In 1972, Williams ran in the Democratic primary for the U.S. Senate seat formerly held by the late Richard Russell, Jr. He polled 46,153 votes (6.4 percent). The nomination and the election went to fellow Democrat Sam Nunn. In 1974, Williams was elected to the Georgia Senate where he served five terms as a Democrat, until 1984. In 1985, he was elected to the Atlanta City Council, serving for five years, until his election in 1989 when he ran for Mayor of Atlanta but lost to Maynard Jackson. That same year Williams successfully campaigned for a seat on the DeKalb County, Georgia County Commission which he held until 1994. Williams supported former Georgia Governor Jimmy Carter for president in 1976 but surprised many Black civil rights figures in 1980 by joining Ralph Abernathy and Charles Evers in endorsing Ronald Reagan. By 1984, however, he had soured on Reagan's policies, and returned to the Democrats to support Walter F. Mondale.
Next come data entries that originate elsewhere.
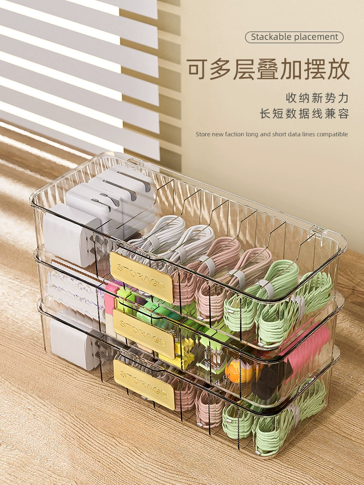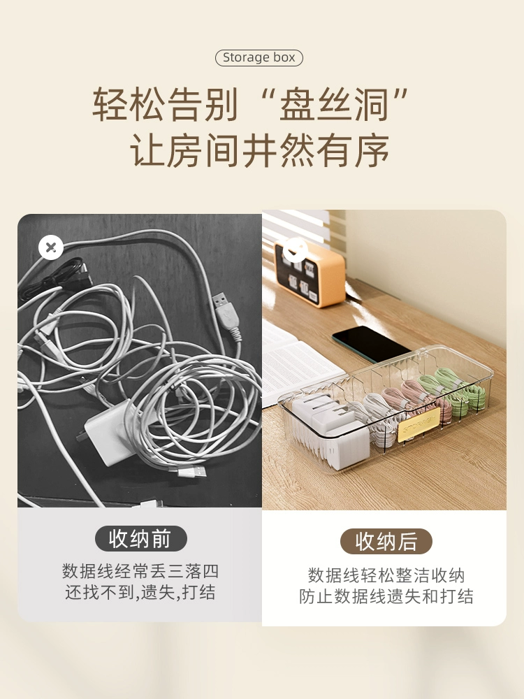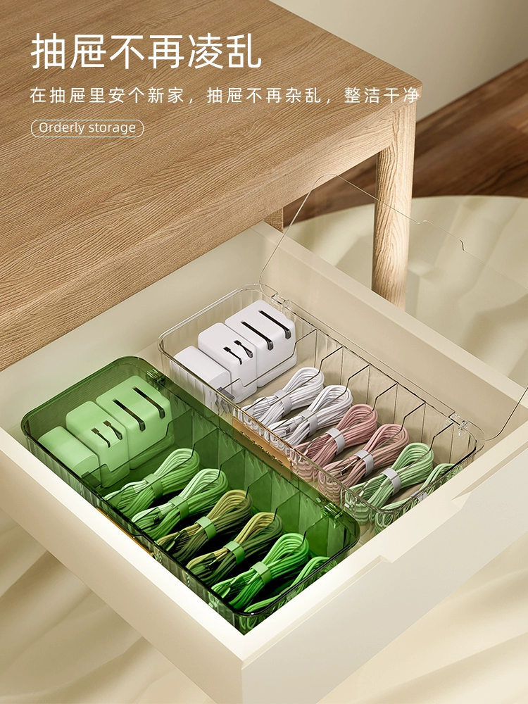 Data cable storage box power charging cable mobile phone charger plug organizer desktop cable management box cable winder
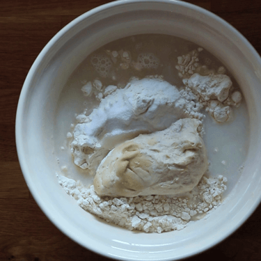 In a jug or bowl, combine the sourdough starter, 100g of flour, and 60ml of water to make a thick dough.
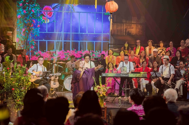 | Ngoài kể chuyện Tết xưa, NSND Thanh Hoa còn hát ca khúc "Làng lúa làng hoa" |
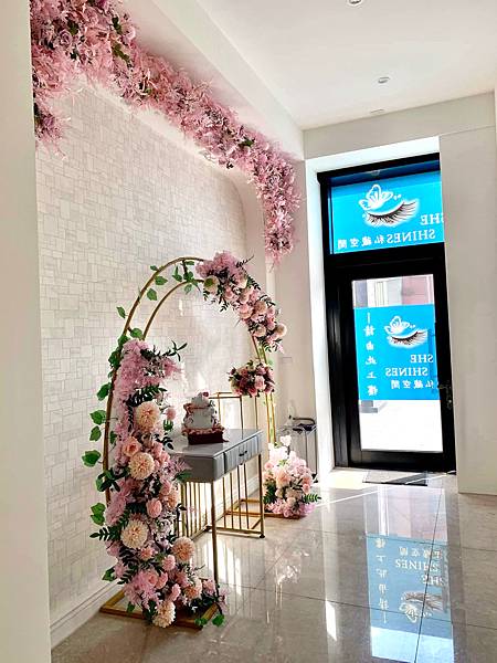 這次回廠的課程是透過網路上看到she shines私藏空間,發現是一家空間很大的美容,位於2樓,一樓進到店裡就超美的,粉色的一樓花卉裝置,超適合網美打卡拍照。
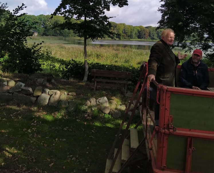 Sicher fuhren unsere Treckerfahrer Oke und Horst mit uns weiter nach Sörupholz. Karl Jacob zeigte uns die höchste Erhebung von etwa 50 m in diesem Bereich. Durch die Kielstau und Bondenau ist in früheren Zeiten wahrscheinlich hier die Möglichkeit gewesen, per Schiff von der Nordsee zur Ostsee zu fahren. Einige Hinweise in diesem Bereich bezeugen von Werften, und diverse Mühlen, die vom Wasser betrieben wurden. Noch sind hier zum Teil Rückstände von Mooren zu finden, die über die Jahre durch Torfabbau und Trockenlegung nicht ausreichend C02 speichern.
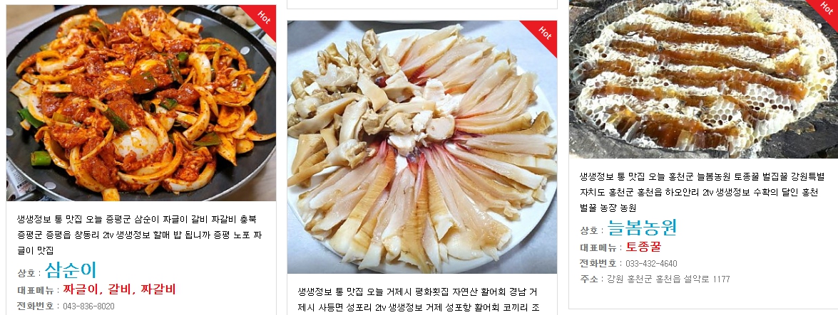 - “생생정보통 맛집 오늘방송” 검색
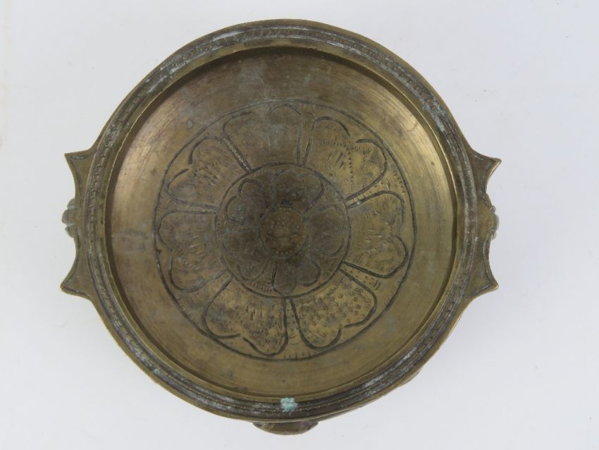 A heavy 20th century brass censor in the Chinese style, approx 14cm dia.
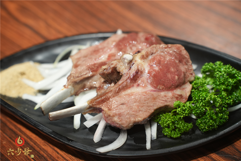 六少爺嚴選厚切羊肩排,經簡單醃製後直接上炭火烘烤,保留肉品原始風味,讓炭香自然滲入肉質。
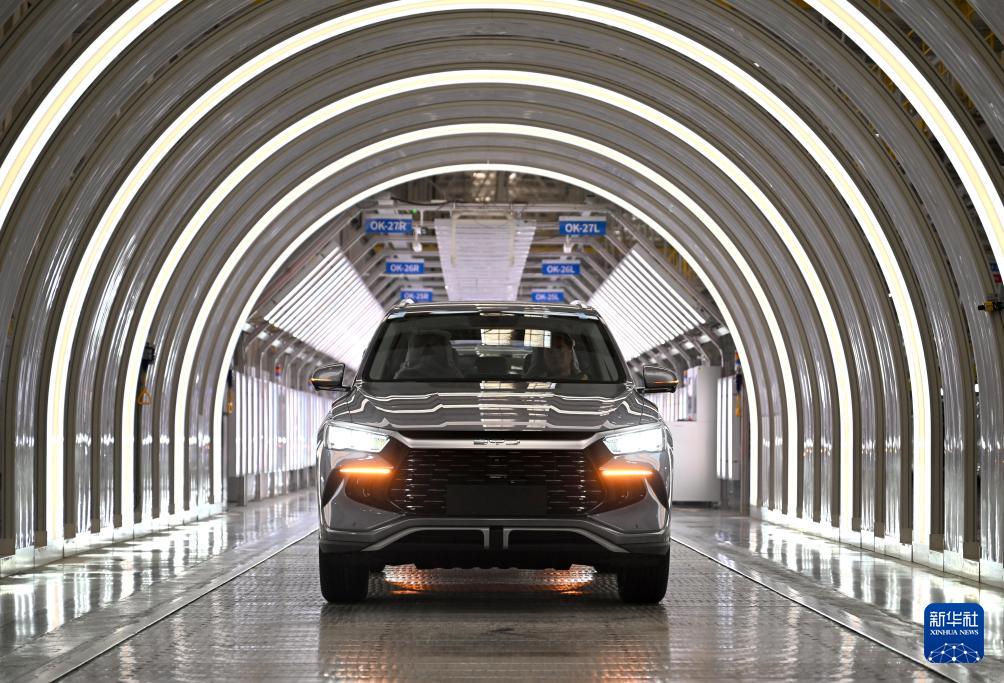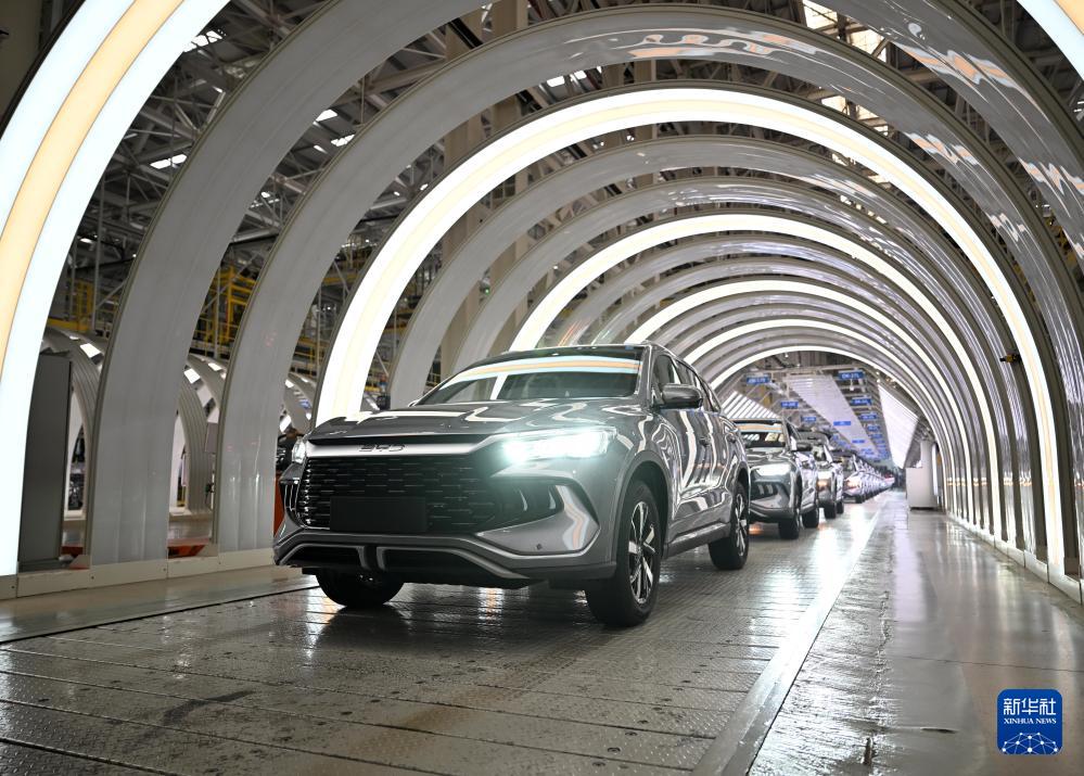 這是11月3日在鄭州航空港區(qū)比亞迪總裝工廠拍攝的新能源汽車“宋Pro”生產(chǎn)線。
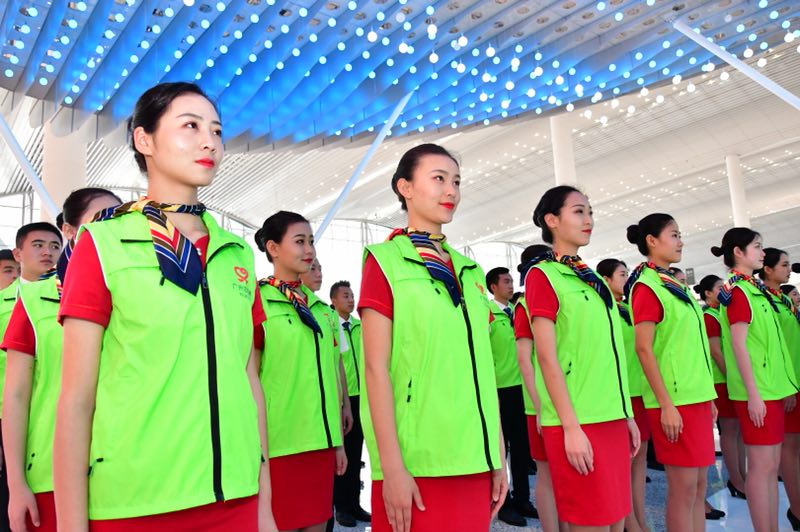 自广州白云国际机场志愿者招募工作开展以来,学院高度重视,以此次志愿服务活动为契机,创新志愿服务活动形式,助力民航人才输出,搭建志愿服务常态化、制度化、专业化发展平台。通过高标准、严要求的志愿服务培训和岗位实训,我院共有52名志愿者有幸成为首批广州白云机场志愿者在T2航站楼誓师上岗,其中来自2017级空中乘务专业的平金浩、芦孟娇同学作为领誓人,带领志愿者宣誓,共享这庄严美好时刻!随后,在广州白云国际机场股份有限公司党委委员、总经济师谢冰心的带领下,各单位相关负责人共同参观了T2航站楼,在充分感受到T2航站楼所突显出来的科技、智能、绿色元素外,也充分彰显了航站楼的人文关怀和真情服务理念。

Williams delivering a speech at a rally, 1974.

On January 17, 1987, Williams led a "March Against Fear and Intimidation" in Forsyth County, Georgia, which at the time (before becoming a major exurb of northern metro Atlanta) had no non-white residents. The ninety marchers were assaulted with stones and other objects by several hundred counter-demonstrators led by the Nationalist Movement and Ku Klux Klan. The following week 20,000, including senior civil rights leaders and government officials marched. Forsyth County began to slowly integrate in the following years with the expansion of the Atlanta suburbs. In 1971, Hosea Williams founded a non-profit foundation, Hosea Feed the Hungry and Homeless, widely known in Atlanta for providing hot meals, haircuts, clothing, and other services for the needy on Thanksgiving, Christmas, Martin Luther King Jr. Day and Easter Sunday each year. Williams' daughter Elizabeth Omilami serves as head of the foundation. In 1974, Williams organized the International Wrestling League (IWL), based in Atlanta, with Thunderbolt Patterson serving as president. Among other entrepreneurial endeavors, he founded Hosea Williams Bail Bonds Inc, a bail bond agency located in Decatur, Ga.

==Family and death==
In early 1951, Williams married Juanita Terry. Together, Williams and Terry had eight children. Williams died at Piedmont Hospital in Atlanta, after a three-year battle with cancer on November 16, 2000. Funeral services were held at the historic Ebenezer Baptist Church, where close friend Martin Luther King Jr., was once the co-pastor. Williams was preceded in death by his wife three months prior and by his son Hosea II two years earlier. Williams is interred at Lincoln Cemetery.

== Legacy==
Williams’ first comprehensive biography, Hosea Williams: A Lifetime of Defiance and Protest, was written by Dr. Rolundus R. Rice, an educator and historian who currently serves as COO and Vice President of Student Affairs at Tuskegee University. Rice traces Williams's journey from a local activist in Georgia to a national leader and one of Martin Luther King Jr.'s chief lieutenants.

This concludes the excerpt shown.